To be secure against offline brute force, you should generate a password you can demonstrate to have a bitlength resistant to brute force. The best offline brute force attack to my knowledge is somewhere around 64-72 bits, so you could use a bitlength of 80 bits (10 bytes), or if you want to be theoretically secure, you could use a bitlength of 128 bits (16 bytes). You could double XKCD's suggestion and use 8 random words, but that ends up being very long to type. Although not as memorable as a sequence of words, I prefer using a shorter string generated by encoding raw random bytes as base64. This is also easy to generate automatically if you need to generate a password in your scripts, and was the original motivation for this post.
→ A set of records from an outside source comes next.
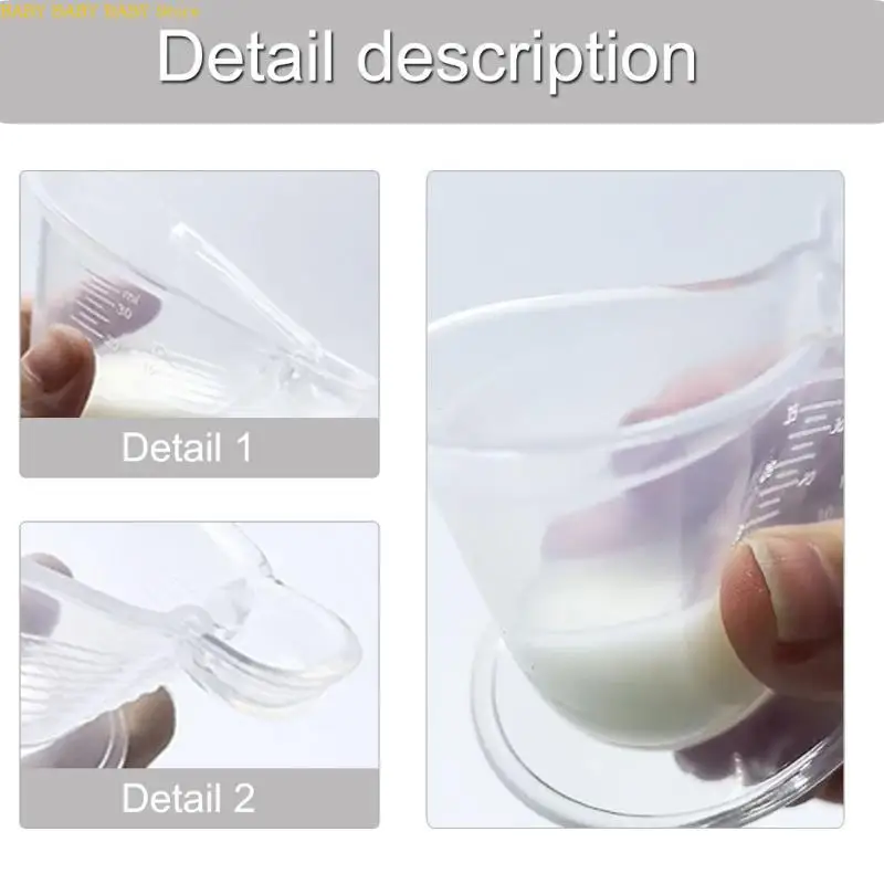 Con una capacidad de 35 ml diseñada para adaptarse al tamaño del estómago de los recién nacidos, esta taza de alimentación presenta marcas de medición claras para un control preciso de la alimentación.
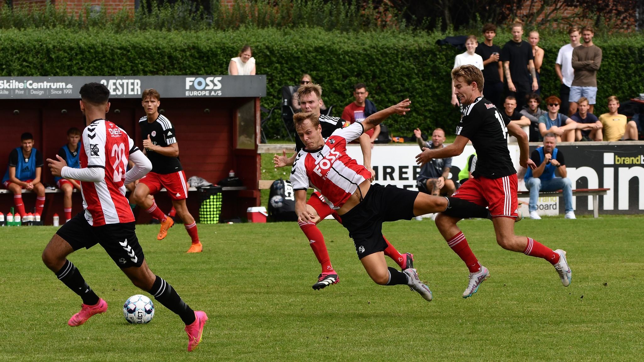 Få minutter senere kunne gæsterne have udbygget føringen, da et indlæg fra højre fandt frem til Rasmus Schmidt, der dog missede den store mulighed og headede forbi målet.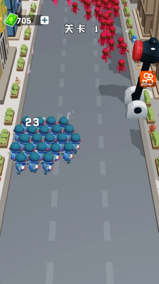 此外,道路上还会出现各种各样的陷阱,我们得留意躲避,确保自己这边的人数,这样才能提高成功闯过关卡的概率。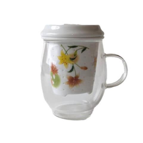 ガラスのマグカップとセラミックの茶こし。ガラスのマグカップに陶磁器の茶漉しと蓋をセットしました。茶漉しに茶葉をいれお湯を注いで蓋をしてしばし待ち、いい色にお茶が出たら茶漉しをはずして、そのまま飲めます。ガラスごしにお茶の濃さが見えるから、少しの量でも濃くなりすぎる事はありません。ガラスのマグカップは耐熱ガラス。ギフトにも最適。ガラスのマグカップの中に、かわいい柄が浮かびます。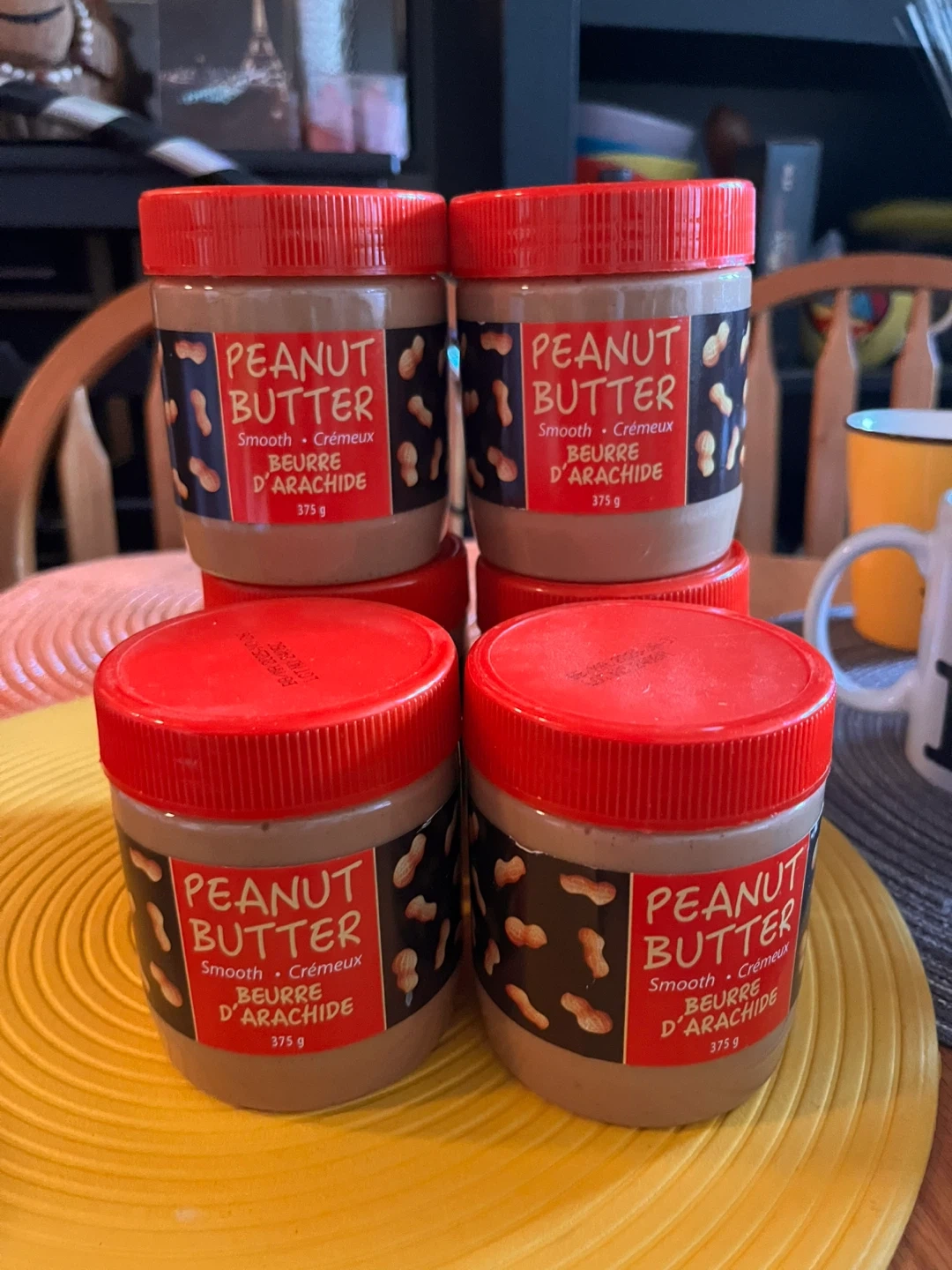 Get your hands on this set of four smooth peanut butter jars. Each jar contains 375g of delicious peanut butter. It's perfect for sandwiches, baking, or just a quick snack!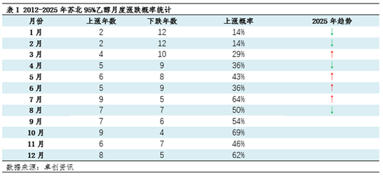 【导语】从近14年乙醇价格数据XM交易软件来看,以苏北95%乙醇为例,参考历年月度均价核算,上半年市场各月均价上涨概率低,下半年上涨概率较高。2025年前8个月部分月份价格趋势符合季节性规律,其中包括1月、2月、4月和7月与历史涨跌规律一致。XM交易软件8月下旬随着东北部分乙醇工厂检修结束后产量回升,9月供应支撑减弱,需求面预期提振暂不足,市场价格可能跟随玉米价格偏弱调整。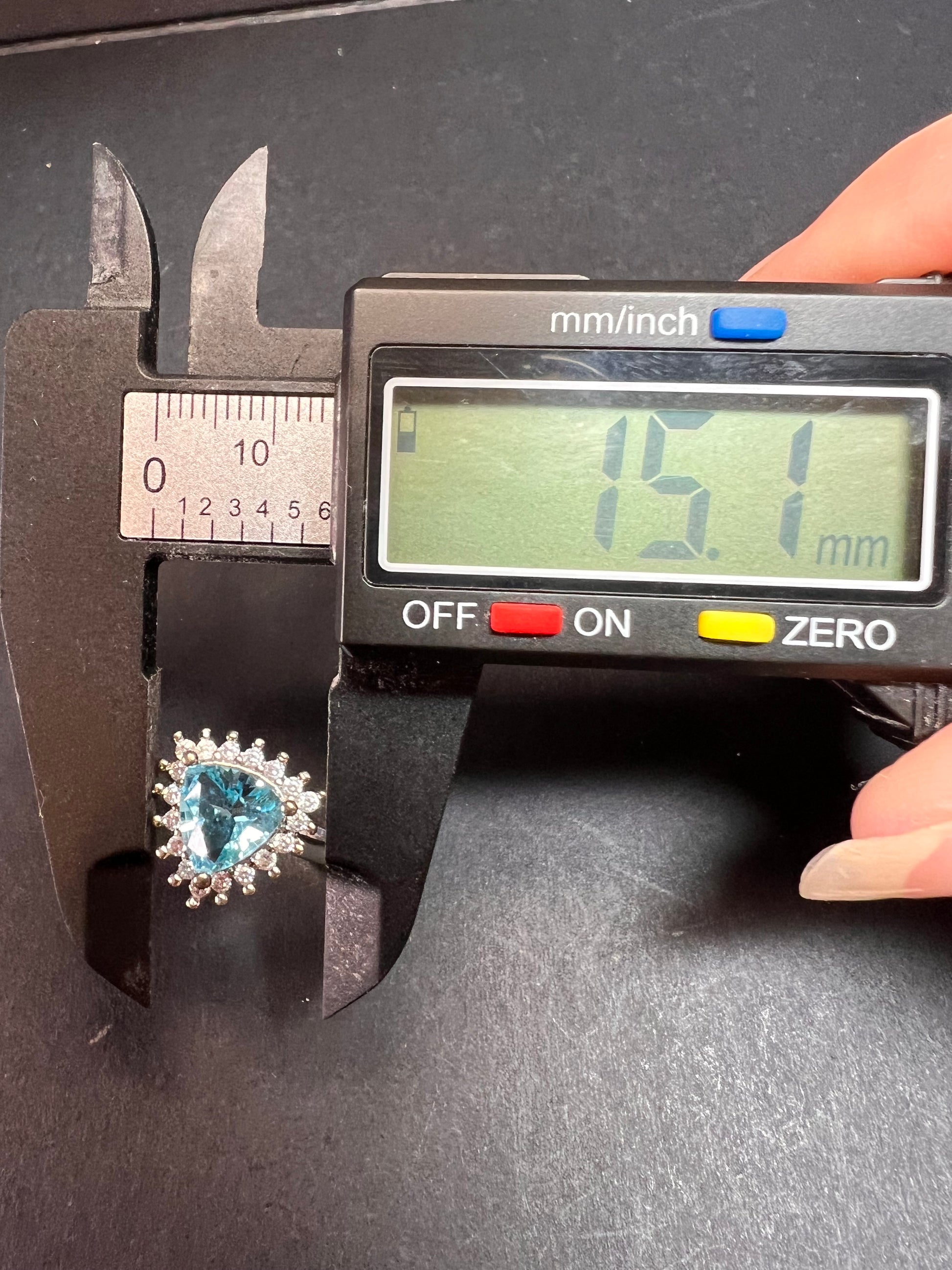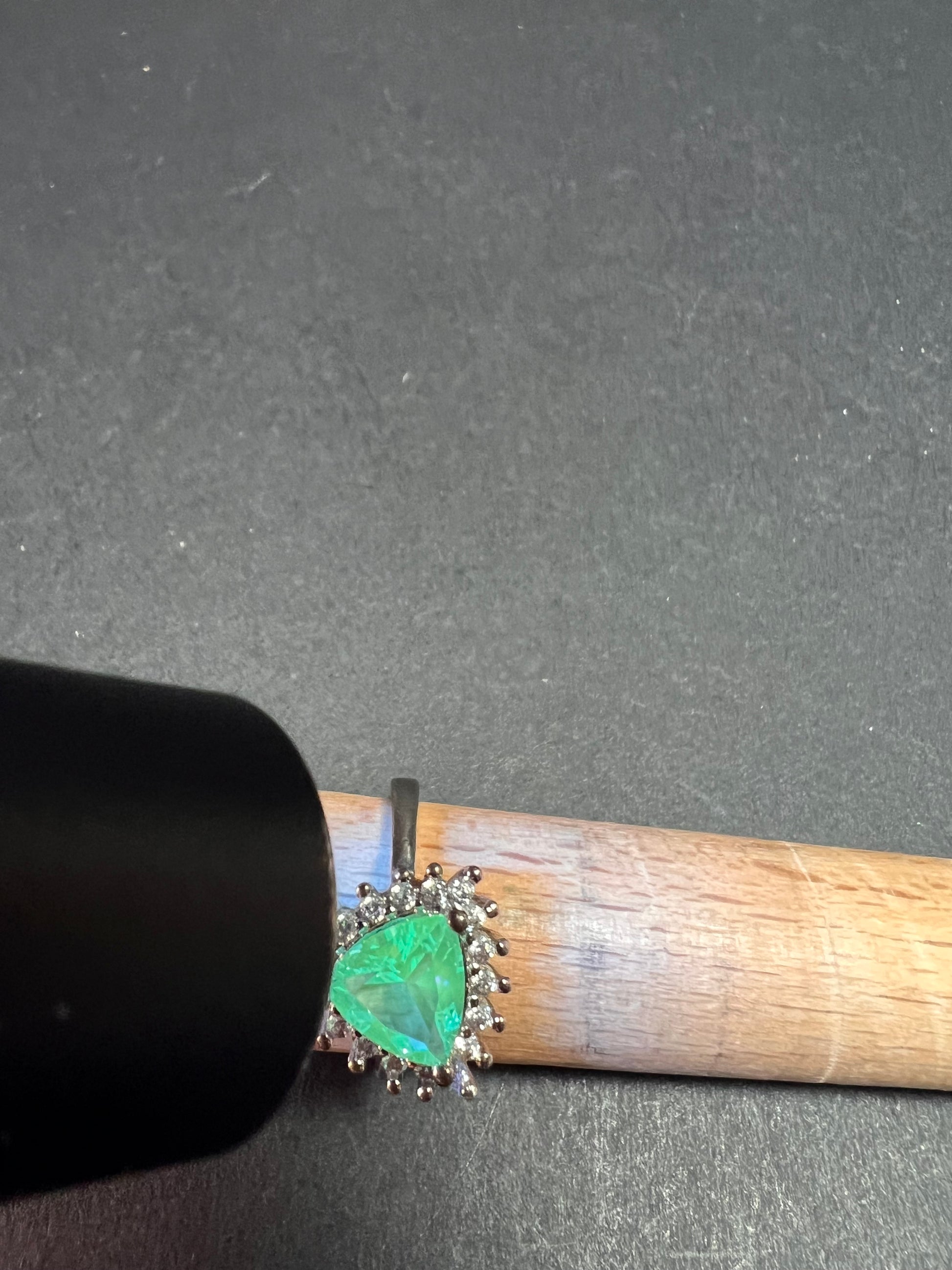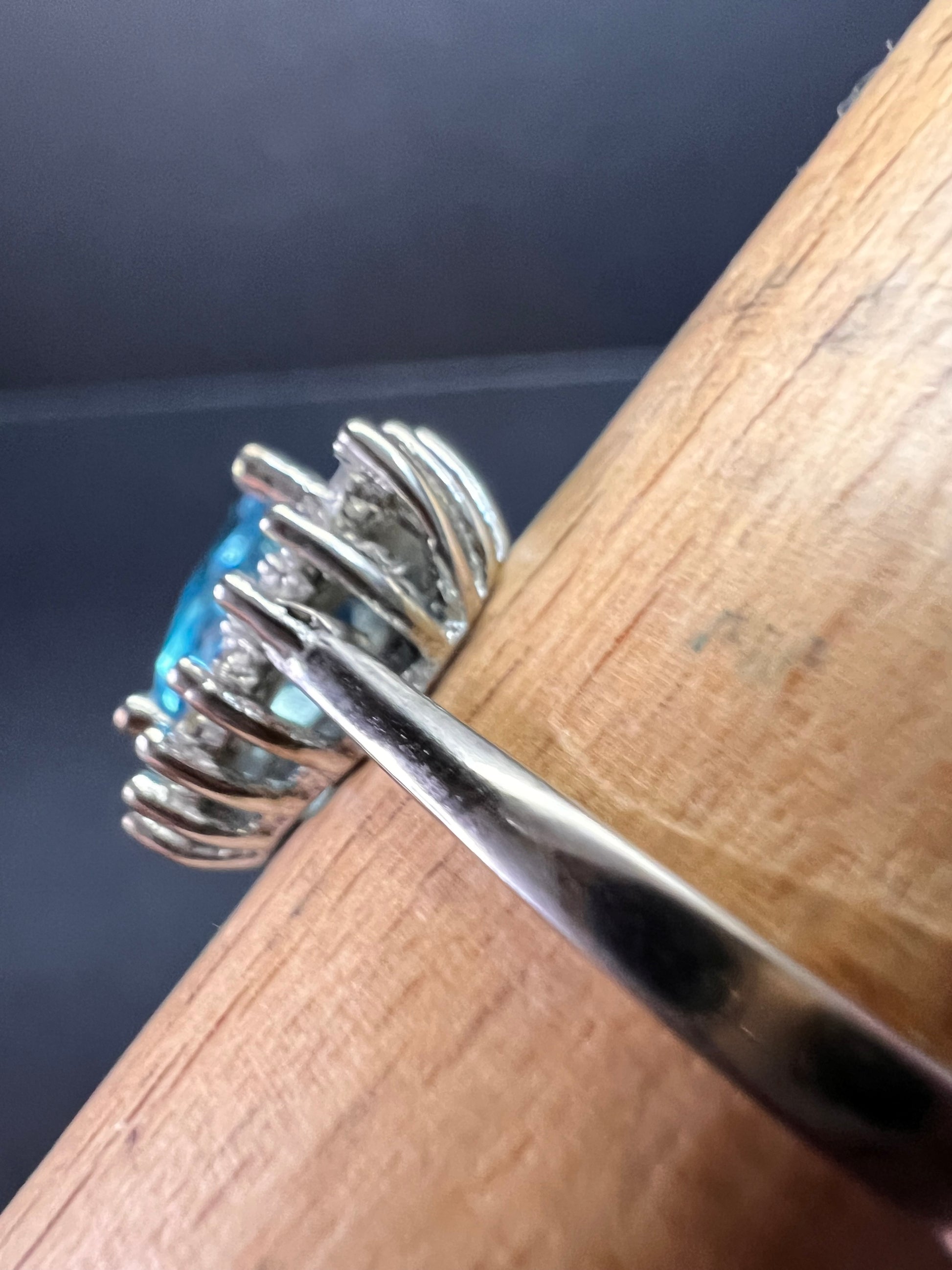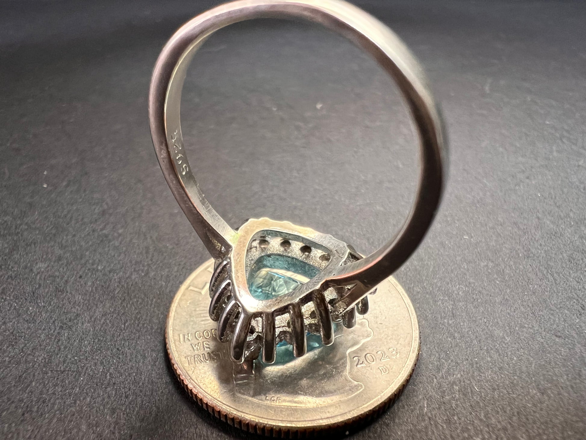 Sky blue trillium cut cubic zirconia gemstone surrounded by white / colorless cubic zirconia stones prong set in authentic 925 sterling silver that most likely has a rhodium plating. Measures a size 9. Blue stone flows green under UV light.
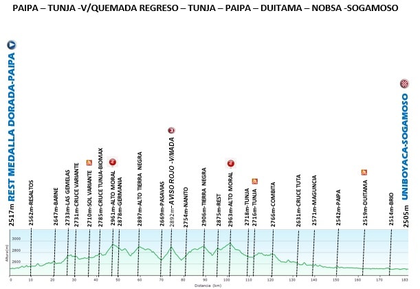 En respuesta al tweet de Pablo Palermo, la subida al paramo el verjon se encuentra en buen estado, recientemente fue pavimentada la primera parte del puerto y la parte final que presentaban fallas geológicas,. En cuanto al clima es muy impredecible, además de que en la parte final el viento en ocasiones es un factor de bido a la ausencia de árboles, es bueno también mencionar que de la altimetria que se muestra en la imagen, solo se recorren los 12.5 primeros kms que es donde termina la etapa en el parador el Márquez del 11, el paramo como tal esta unos 6km adelante a una altura de 3376 msnm. Espero sea de su ayuda. Saludos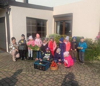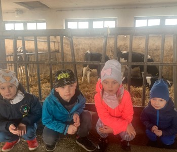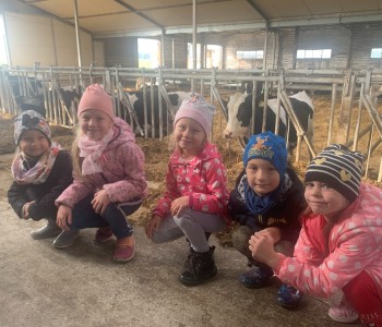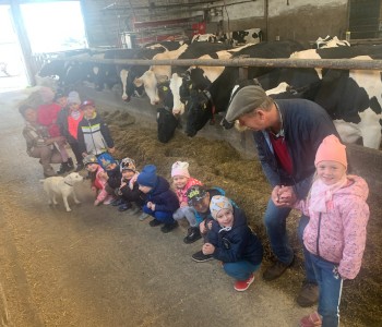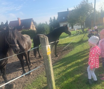 Dzięki uprzejmości pani Bernadety i pana Eugeniusza dzieci z grupy „Reksia” wybrały się na wycieczkę do gospodarstwa rolnego. Przedszkolaki miały niepowtarzalną okazję, aby zobaczyć, jak wygląda stodoła, obora, kurnik. Milusińscy z wielką uwagą słuchały o hodowli krów. Gospodarze pokazali przedszkolakom niezbędne do pracy narzędzia i maszyny jakich używają. Pani Bernadeta przygotowała niespodzianki z ogrodu. Były to warzywa, owoce oraz zioła. Dzieci utrwaliły sobie części jadalne i niejadalne różnych gatunków warzyw i uświadomiły sobie, jak ważne jest zdrowe odżywianie. Dzieci jednogłośnie uznały, że wycieczka była wspaniała, a kącik przyrody w sali wzbogacił się o dary z ogrodu. Serdecznie dziękujemy za miłe przyjęcie i poświęcony czas!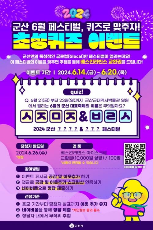 À̹ø À̺¥Æ®´Â ¡®±º»ê 6¿ù ´ëÇ¥ Æä½ºÆ¼¹ú, ÄûÁî·Î ¸ÂÃßÀÚ! ÃʼºÄûÁî À̺¥Æ®¡¯·Î 6¿ù 21ÀϺÎÅÍ 23ÀϱîÁö 3Àϰ£ ±Ù´ë¿ª»ç¹Ú¹°°ü ÀÏ¿ø¿¡¼ ¿¸®´Â ÃàÁ¦ À̸§À» ¸ÂÃß¸é µÈ´Ù.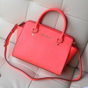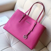 michael kors新款购物袋 MK原版十字纹牛皮女士购物袋单肩包玫红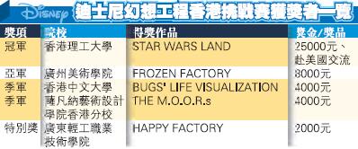 【香港商報網訊】記者何加祺報道:香港迪士尼樂園早前舉行第5屆「迪士尼幻想工程香港挑戰賽」,有超過200名來自本港及內地的大專院校學生參賽,兩地均有隊伍進入最后10強。獲得冠軍的香港理工大學產品分析及工程設計學的4名學生,以經典電影《星球大戰》作主題,讓旅客代入戲中的主角,跟隨樂園中的電影場面逃亡。他們可於明年1月到美國跟迪士尼總部幻想工程人員進行交流。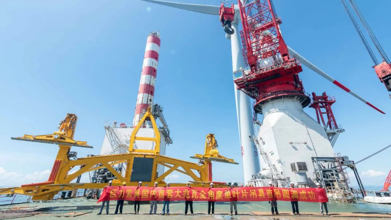 近日,汕頭某海域,巨力索具研發(fā)的國(guó)內(nèi)首臺(tái)50噸大兆瓦全角度旋轉(zhuǎn)式海上單葉片吊具,剛剛面世,便展開(kāi)連續(xù)作業(yè),順利完成5臺(tái)風(fēng)機(jī)的葉片吊裝,經(jīng)受住了考驗(yàn),完美的展示了巨力吊具的高可靠性、高安全性及高效率。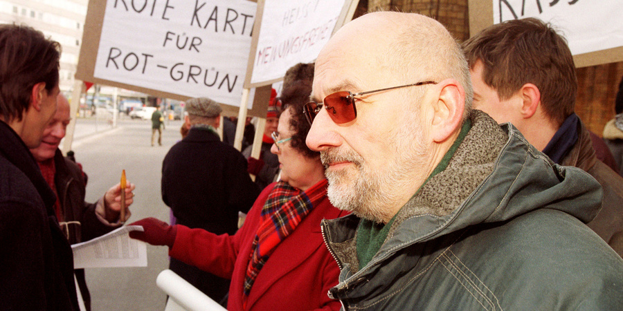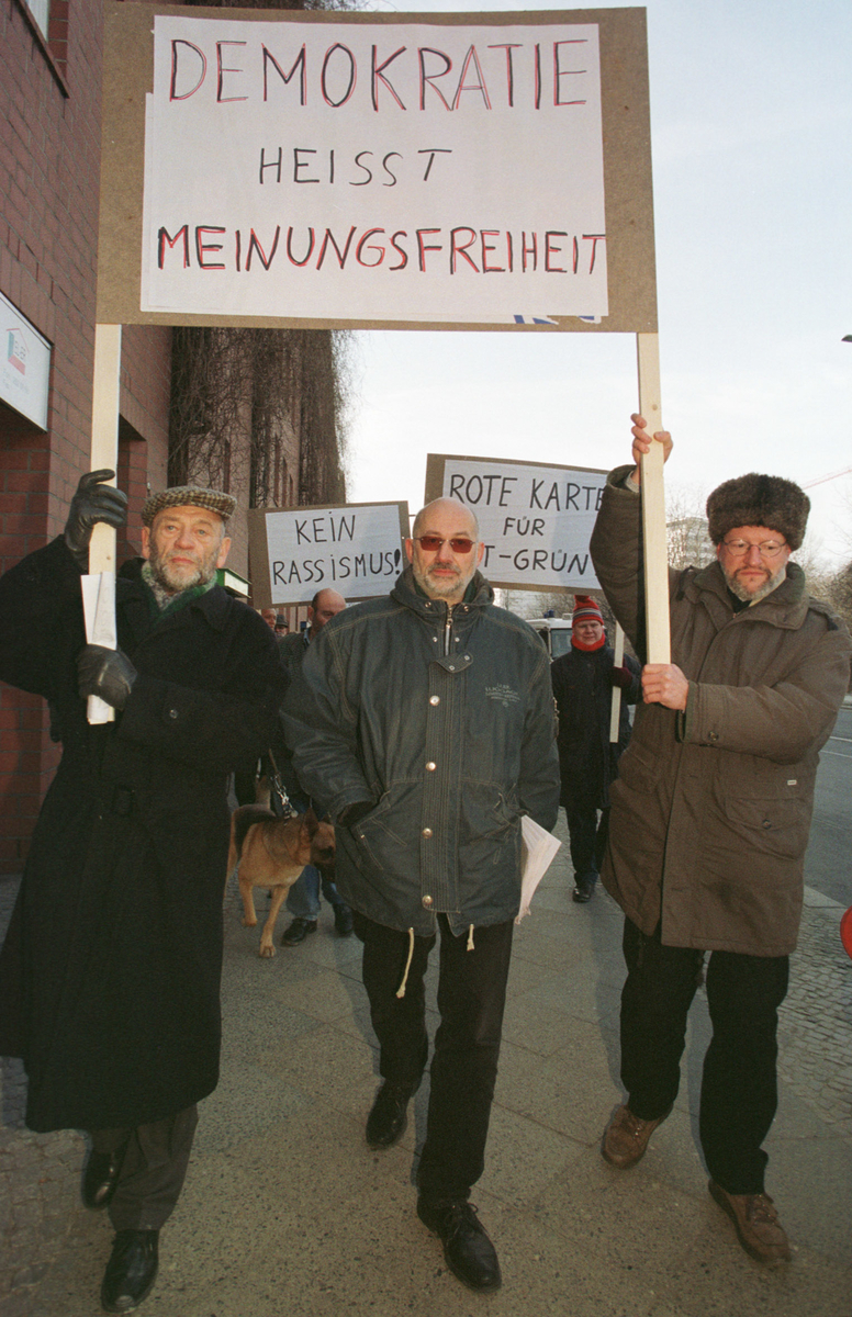 Horst Mahler (vorne) im Februar 1999 in Berlin bei seiner ersten Montagsdemonstration »Unser Land – Deutsche Revolution 2. Teil« gegen die Einführung der doppelten Staatsbürgerschaft.

Here's an example of how you can generate a 20-character password with 120 bits of entropy in some common languages:


$randomBytes = new-object byte[] 15
(new-object System.Security.Cryptography.RNGCryptoServiceProvider).GetBytes($randomBytes)
$password = [System.Convert]::ToBase64String($randomBytes)

Linux/Unix shell

head -c 15 /dev/random | base64


require 'securerandom'
password = SecureRandom.base64(15)


import os
import base64
password = base64.b64encode(os.urandom(15))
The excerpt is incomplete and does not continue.